Within the records that follow, restate exactly the lines from the line with "Oprirea în siguranță" down to the line with "מסדרון לחדרים-כל חדר", including both. Omit the pictures.

→ **Material for this exercise**
==============================
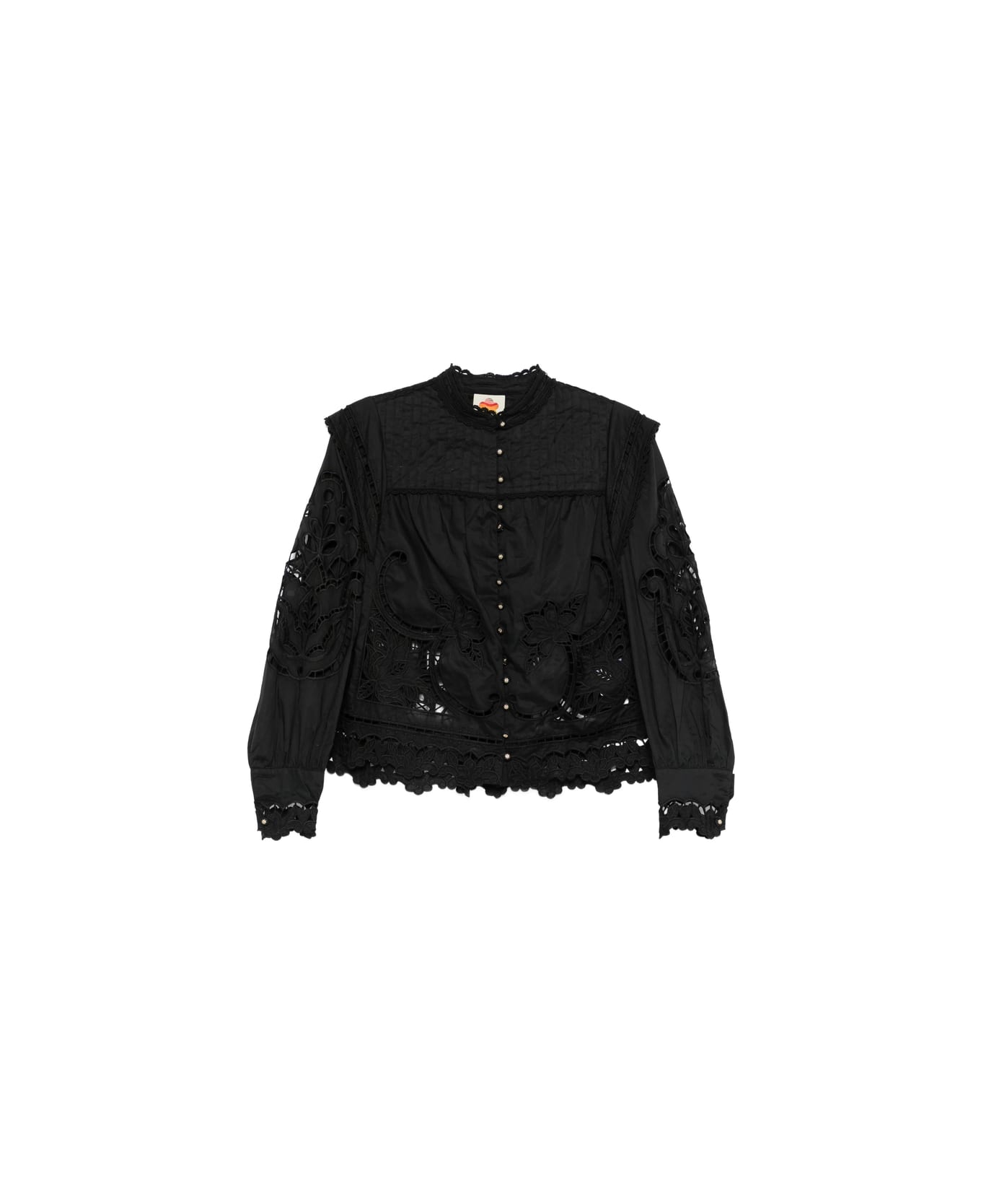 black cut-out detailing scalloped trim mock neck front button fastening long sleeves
==============================
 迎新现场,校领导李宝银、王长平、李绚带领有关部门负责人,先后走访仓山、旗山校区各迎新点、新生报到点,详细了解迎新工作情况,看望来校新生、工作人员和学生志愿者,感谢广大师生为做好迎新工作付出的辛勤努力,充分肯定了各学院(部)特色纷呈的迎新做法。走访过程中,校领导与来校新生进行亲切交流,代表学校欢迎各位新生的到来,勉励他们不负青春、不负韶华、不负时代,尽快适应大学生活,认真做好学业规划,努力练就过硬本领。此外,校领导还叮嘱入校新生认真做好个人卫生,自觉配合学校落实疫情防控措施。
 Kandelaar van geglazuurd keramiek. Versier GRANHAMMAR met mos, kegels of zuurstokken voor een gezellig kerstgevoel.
==============================
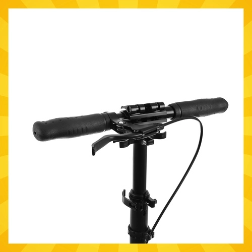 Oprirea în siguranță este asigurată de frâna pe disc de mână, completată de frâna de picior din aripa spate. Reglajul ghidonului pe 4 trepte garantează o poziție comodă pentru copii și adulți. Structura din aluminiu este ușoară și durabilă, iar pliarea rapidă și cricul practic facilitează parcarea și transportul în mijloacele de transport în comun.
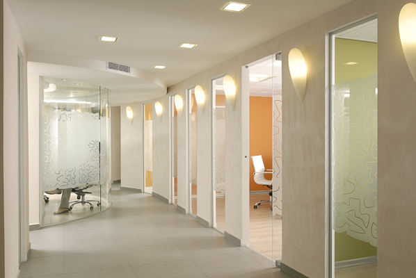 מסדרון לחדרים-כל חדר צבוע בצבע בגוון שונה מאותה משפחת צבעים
==============================
→ **Answer to this exercise**
 Oprirea în siguranță este asigurată de frâna pe disc de mână, completată de frâna de picior din aripa spate. Reglajul ghidonului pe 4 trepte garantează o poziție comodă pentru copii și adulți. Structura din aluminiu este ușoară și durabilă, iar pliarea rapidă și cricul practic facilitează parcarea și transportul în mijloacele de transport în comun.
 מסדרון לחדרים-כל חדר צבוע בצבע בגוון שונה מאותה משפחת צבעים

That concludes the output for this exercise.